The best of both: High-performance anc deterministic real-time executive by application-specific multi-core SoCs

Embedded multi-core processors improve performance significantly and are desirable in many application-fields. This in particular includes safety-critical real-time systems, which typically require a deterministic temporal behavior. However, even tasks without dependencies running on different cores can interfere due to, sometimes hidden, shared hardware resources, such as common memories or buses. Consequently, only a pessimistic assumption of the worst-case execution time (WCET) that incorporates interference can be given. Hence, the aspired performance gain fizzles out in the poor temporal analyzability. Based on the fact that in safety-critical systems all tasks and their dependencies are known at compile-time, this paper presents an approach to generate application-specific, deterministic multi-core processor architectures for these systems. Thereby safety-critical tasks are executed on dedicated Deterministic Execution Units (DEUs) including lightweight, deterministic processor cores, bus systems, memories and peripherals.
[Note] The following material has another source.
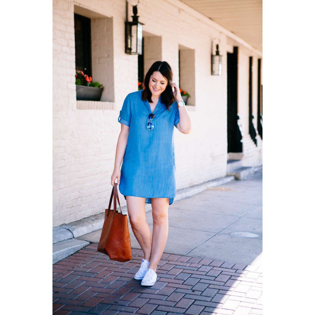 denim dress outfit with sneakers

The remaining soft real-time tasks are executed on a general purpose multi-core processor that offers performance over determinism. Consequently, timing analysis for hard real-time tasks is significantly simplified, since interferences caused by shared resources and scheduling are effectively eliminated. To show the benefits of our approach, an application-specific architecture for a flight controller was generated and compared to an ARM Cortex-A9 dual-core as reference. Overall, we were able to significantly improve temporal properties of safety-critical tasks while preserving the overall performance for soft real-time tasks.
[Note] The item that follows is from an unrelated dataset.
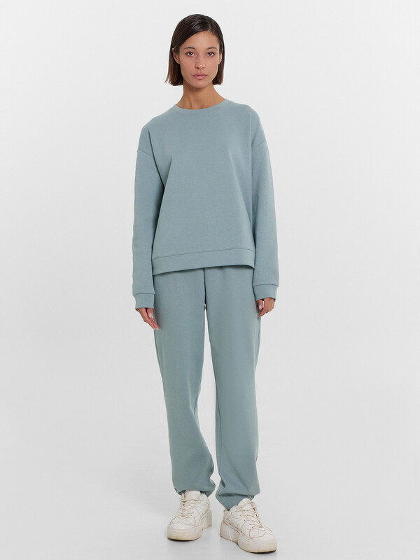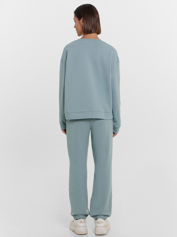 Горловина круглой формы. Плечо спущено, пройма углублена. Рукав втачной длинный, по низу рукава отрезная манжета. Пояс отрезной. Брюки-джоггеры из основного полотна с эластичной тесьмой внутри. По поясу проложены отделочные строчки. В боковых швах выполнены карманы с отрезным бочком. Легкий и невероятно комфортный комплект женский на каждый день. Широкий размерный ряд. Базовые актуальные цвета в коллекции. Рекомендуем для создания комфртных образов весной, летом и в демисезон! 85% хлопок; 15% полиэстер Комментарии к товару

Design by uncertainty: Towards the use of measurement uncertainty in real-time systems

Real-time systems usually incorporate a wide variety of challenges: A control engineer, for example, aims for the highest possible control quality achievable. Here, one key element is to minimise the uncertainty of the measurements. This, to put it simple, is the noise of sensor data, which has a negative effect on control. Although measurement uncertainty is well treated in control theory, it is usually ignored in common real-time architectures where temporal properties are the prevalent criteria. Consequently, the communication between control engineers and real-time specialists is rather one way, revolving around deadlines and sampling periods. However, on closer examination, many real-time properties are derived from the measurement uncertainty aspired by the control engineer. Conversely, temporal variations, virtually inevitable in practice, can be represented as measurement uncertainty as well. Tackling the measurement uncertainty should therefore be an interdisciplinary task: The control system respects the actual run-time conditions instead of estimating them. Likewise, the real-time system considers measurement uncertainty rather than blindly sticking to deadlines. In this paper we present an uncertainty-centric approach to leverage measurement uncertainty in real-time architectures, not only at design time but also at run-time. Using measurement uncertainty as an explicit interface minimises the gap between real-time specialists and control engineers and facilitates a modular and flexible system design. Our preliminary results are promising and show the ease of use and the applicability to existing systems.